Новый рассказ карельского писателя, лауреата нашего конкурса «Сестра таланта». Написан на основе реального события.
«Уже и Хутор показался. Тут одни буржуи живут – вон какие заборы непролазные, будки охранные, собаки злющие. Проскочить бы мимо скорее, а то ещё собаку спустят – вон кобель надрывается. С драными штанами точно не подберут…»
***
16+
Что за люди эти судебные приставы! Забрали ни свет, ни заря, в Петрозаводск из посёлка привезли. Ну, алиментщик я. Ну, не плачу уже два года. Не работаю я. Да, долг по алиментам есть, а денег-то нет! Появятся – отправлю. Я ведь не отказываюсь… Протокол могли бы и дома составить. Ну ладно, в контору доставили – так отвезите домой обратно или хотя бы проезд обеспечьте! Билет на автобус уже сто девяносто рублей. Ничего себе! Нет – ночевать оставьте, койку дайте. А куда мне сейчас? Последний автобус в шесть вечера с автовокзала, а уже половина шестого. А туда за полчаса не добраться. Да и денег на билет нет, совсем нет. Как хочешь, так и добирайся. Ладно – дойду до большака, голосовать буду…
Стою на трассе уже с полчаса, рукой машу, и никто не тормознул. Никакого к человеку сострадания. Несутся все как угорелые. Делать нечего, пойду потихоньку в сторону посёлка…
За два часа прошёл больше десяти километров. До дома осталось ещё шестьдесят. Позади – Петрозаводск, Сайнаволок. Скоро покажется Хутор и, наконец, растянутое вдоль дороги старинное село Деревянное. Там Витек живёт – кореш, шоферили вместе. Живёт, правда, на дальнем краю села, но ничего, переночевать напрошусь. Кореш, как-никак, примет, похмелит. Правда, баба у него – язва… Переночую, а завтра утром доберусь, на лесовоз сяду. В нашем леспромхозе с десяток лесовозов точно есть на линии. Рано утром в город караваном лес попрут, и дальше, в Кондопогу на бумкомбинат. Утром порожняком возвращаются.
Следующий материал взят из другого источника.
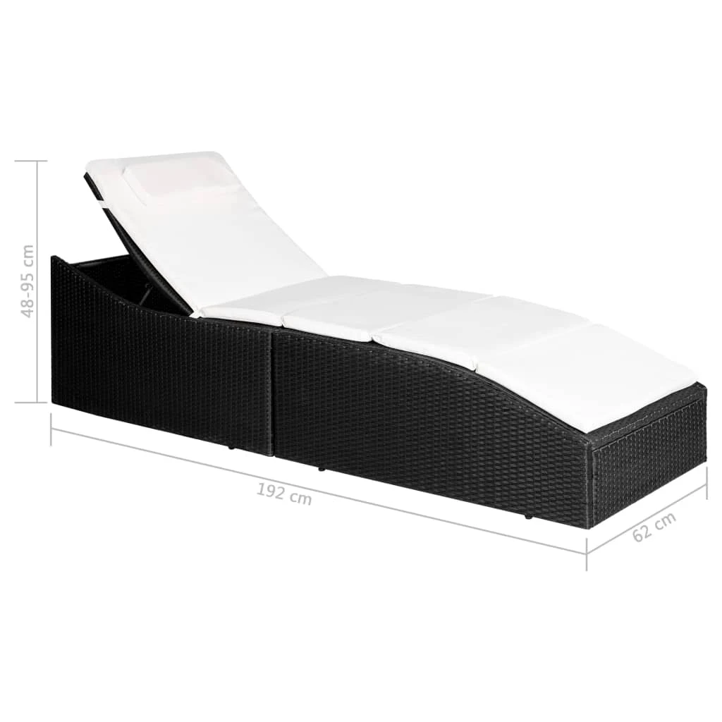 vidaXL sauļošanās zvilnis ar matraci, melna PE rotangpalma

Наши поселковые наверняка подберут! Да, ещё заправка есть перед Деревянным – там авось и подсяду к кому-нибудь. В лицо-то отказать труднее – подберут!
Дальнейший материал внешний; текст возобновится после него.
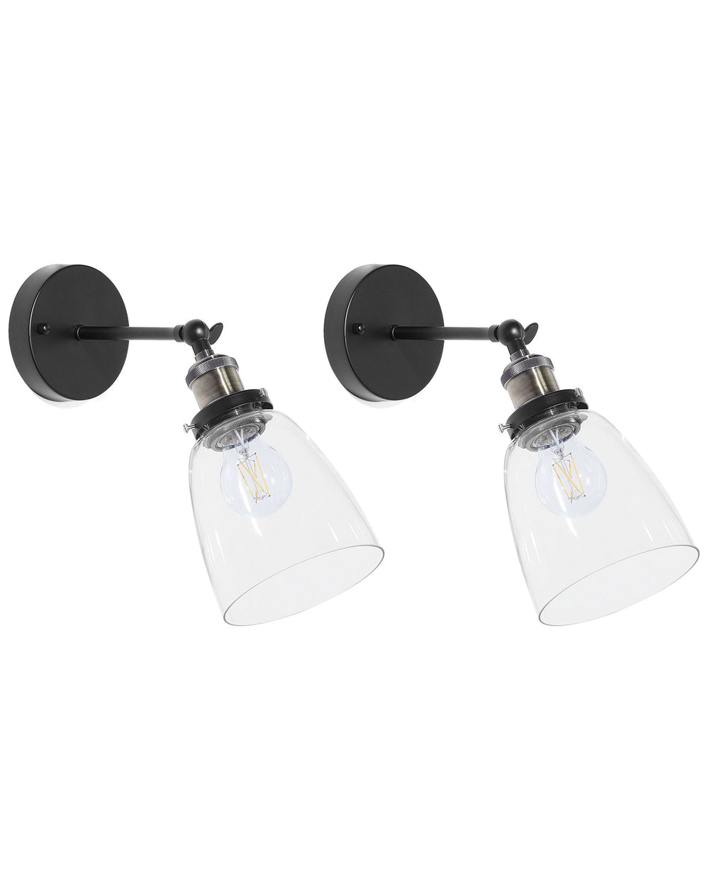 Wall Lamps Black Glass Metal Shade Adjustable Industrial Beliani

Смеркается. Наверное, около восьми. Сколько времени и не посмотреть – сотик поменял на неделе у магазина на литруху…
Есть хочется. Надо зайти в лес. Черника вдоль дороги начисто выбрана, да и время уже не то – осень. Если не выбрана, то почти вся опала. Летом здесь только городские пасутся. Далеко от дороги не отходят, леса пужаются.
Переспелая, только куст тронешь – катится, на землю падает, в траве теряется. По ягодке, стараясь не мять, удалось собрать только малую горсточку. Запрокинул в рот, раздавил, прыснула вкуснота, духом лесным освежила. С удовольствием облизнул сухие губы влажным лиловым языком. Ох и сладко, но не сытно.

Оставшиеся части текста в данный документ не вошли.